[ASSIGNED TASK]: Set each line of the material below down word for word, from the first through the line that holds "On our walks", but not the pictures.

[SUPPLIED DATA]:
^^^^^^^^^^^^^^^^

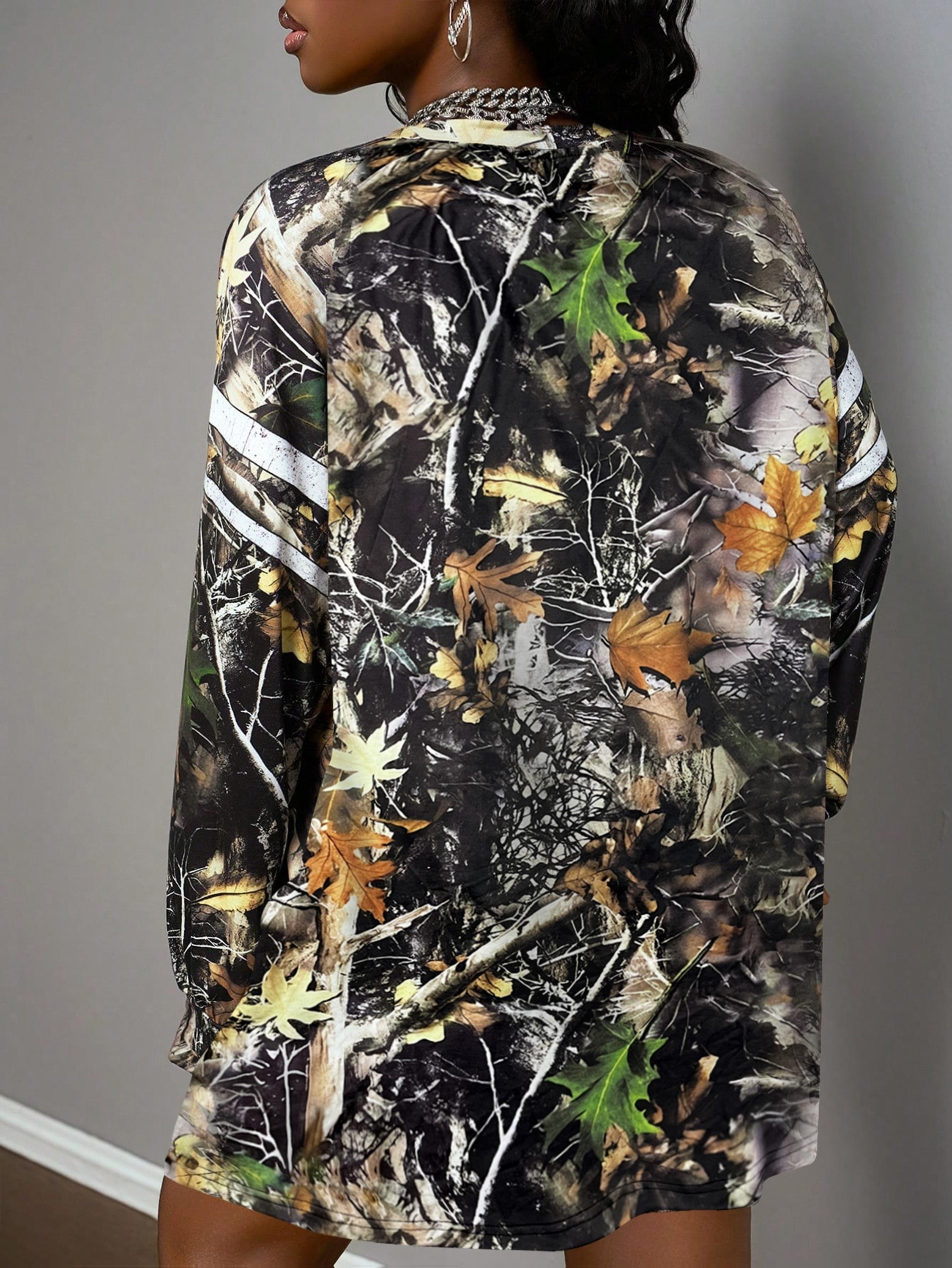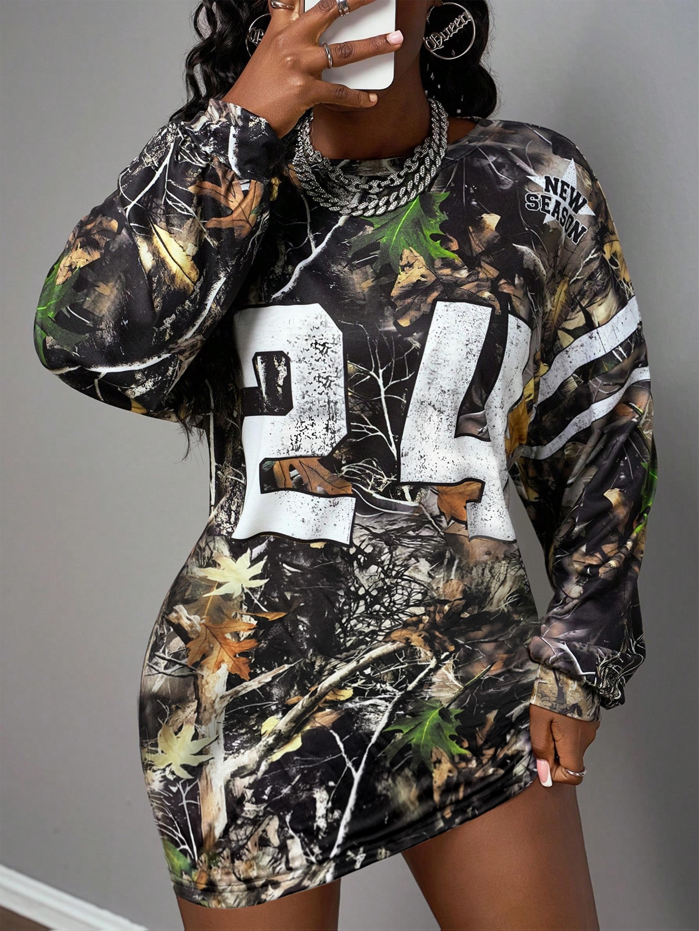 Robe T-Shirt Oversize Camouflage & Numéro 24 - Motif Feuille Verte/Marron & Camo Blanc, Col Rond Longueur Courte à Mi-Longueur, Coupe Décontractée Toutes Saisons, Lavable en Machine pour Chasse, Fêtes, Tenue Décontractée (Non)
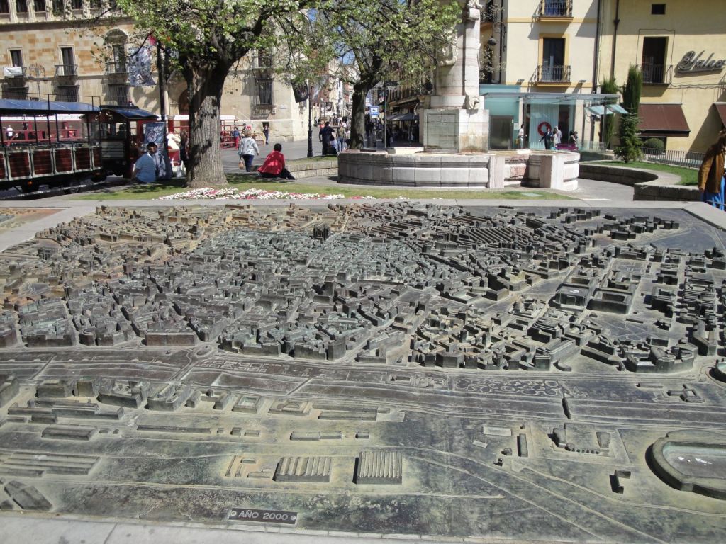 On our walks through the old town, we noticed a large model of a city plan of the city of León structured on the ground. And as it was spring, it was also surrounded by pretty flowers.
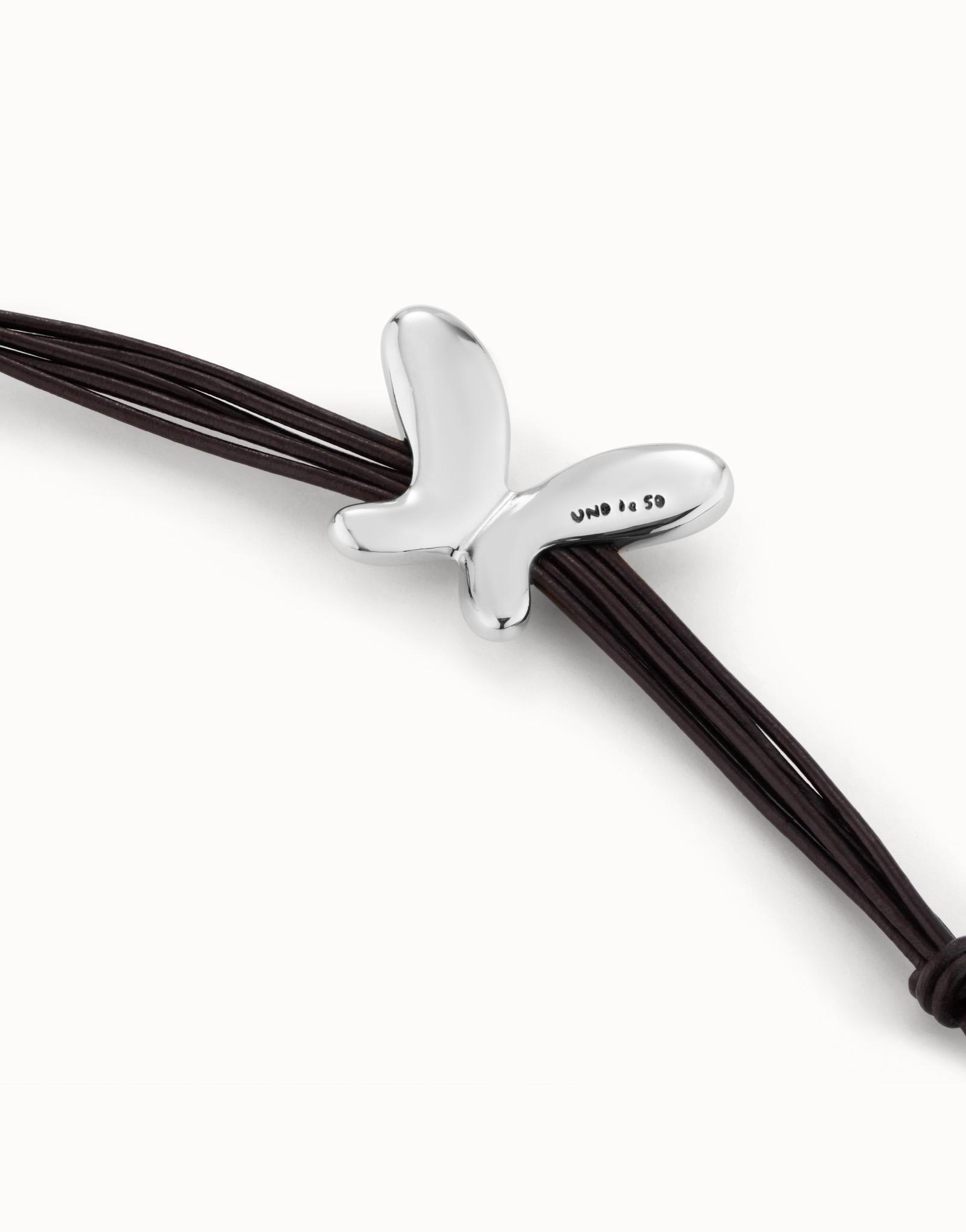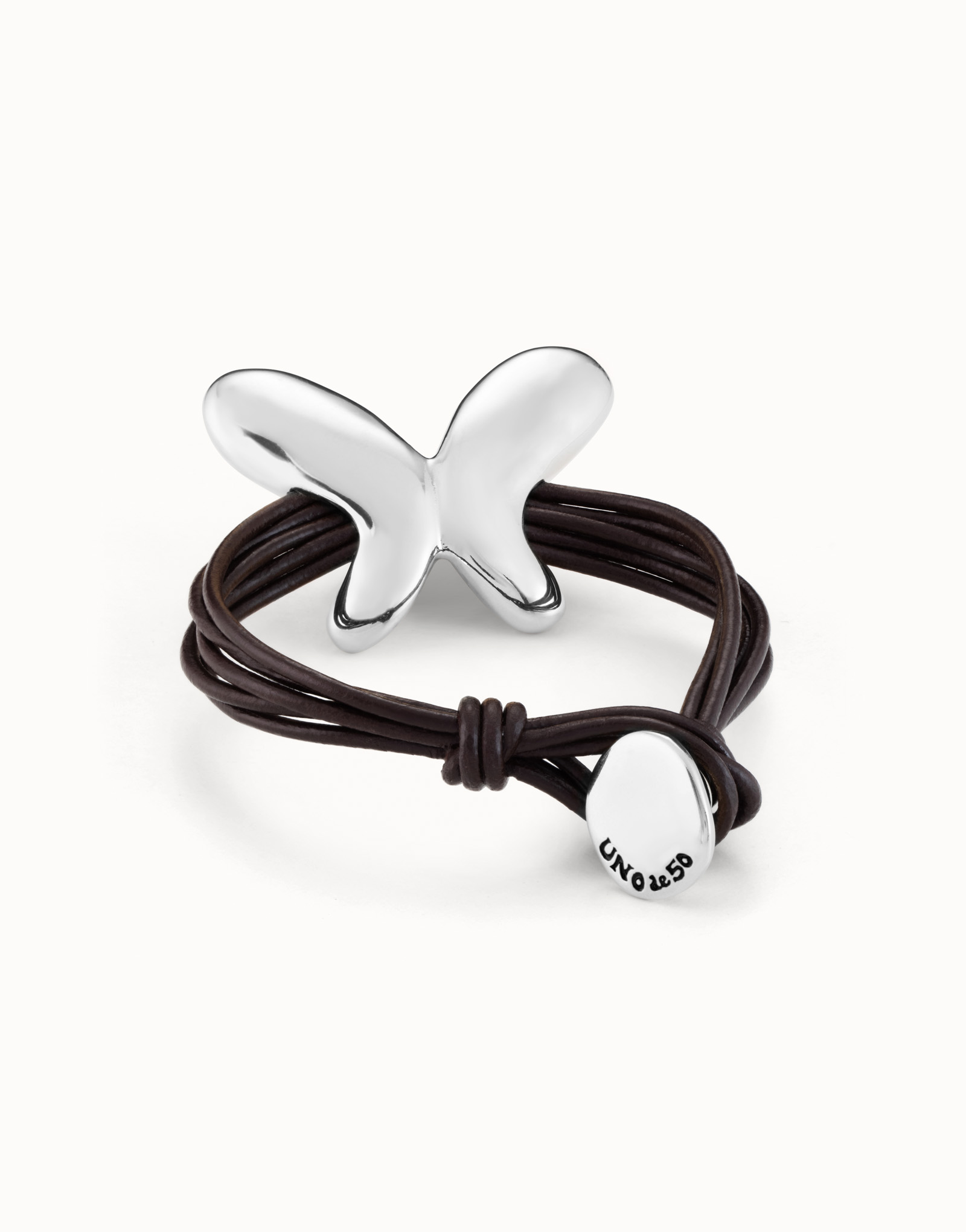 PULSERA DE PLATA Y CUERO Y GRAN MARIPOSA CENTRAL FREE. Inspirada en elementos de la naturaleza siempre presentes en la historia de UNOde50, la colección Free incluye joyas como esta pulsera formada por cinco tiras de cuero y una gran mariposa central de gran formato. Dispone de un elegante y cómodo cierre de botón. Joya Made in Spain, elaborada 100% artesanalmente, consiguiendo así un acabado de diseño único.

^^^^^^^^^^^^^^^^

[SOLUTION FOR THIS TASK]:
 Robe T-Shirt Oversize Camouflage & Numéro 24 - Motif Feuille Verte/Marron & Camo Blanc, Col Rond Longueur Courte à Mi-Longueur, Coupe Décontractée Toutes Saisons, Lavable en Machine pour Chasse, Fêtes, Tenue Décontractée (Non)
 On our walks through the old town, we noticed a large model of a city plan of the city of León structured on the ground. And as it was spring, it was also surrounded by pretty flowers.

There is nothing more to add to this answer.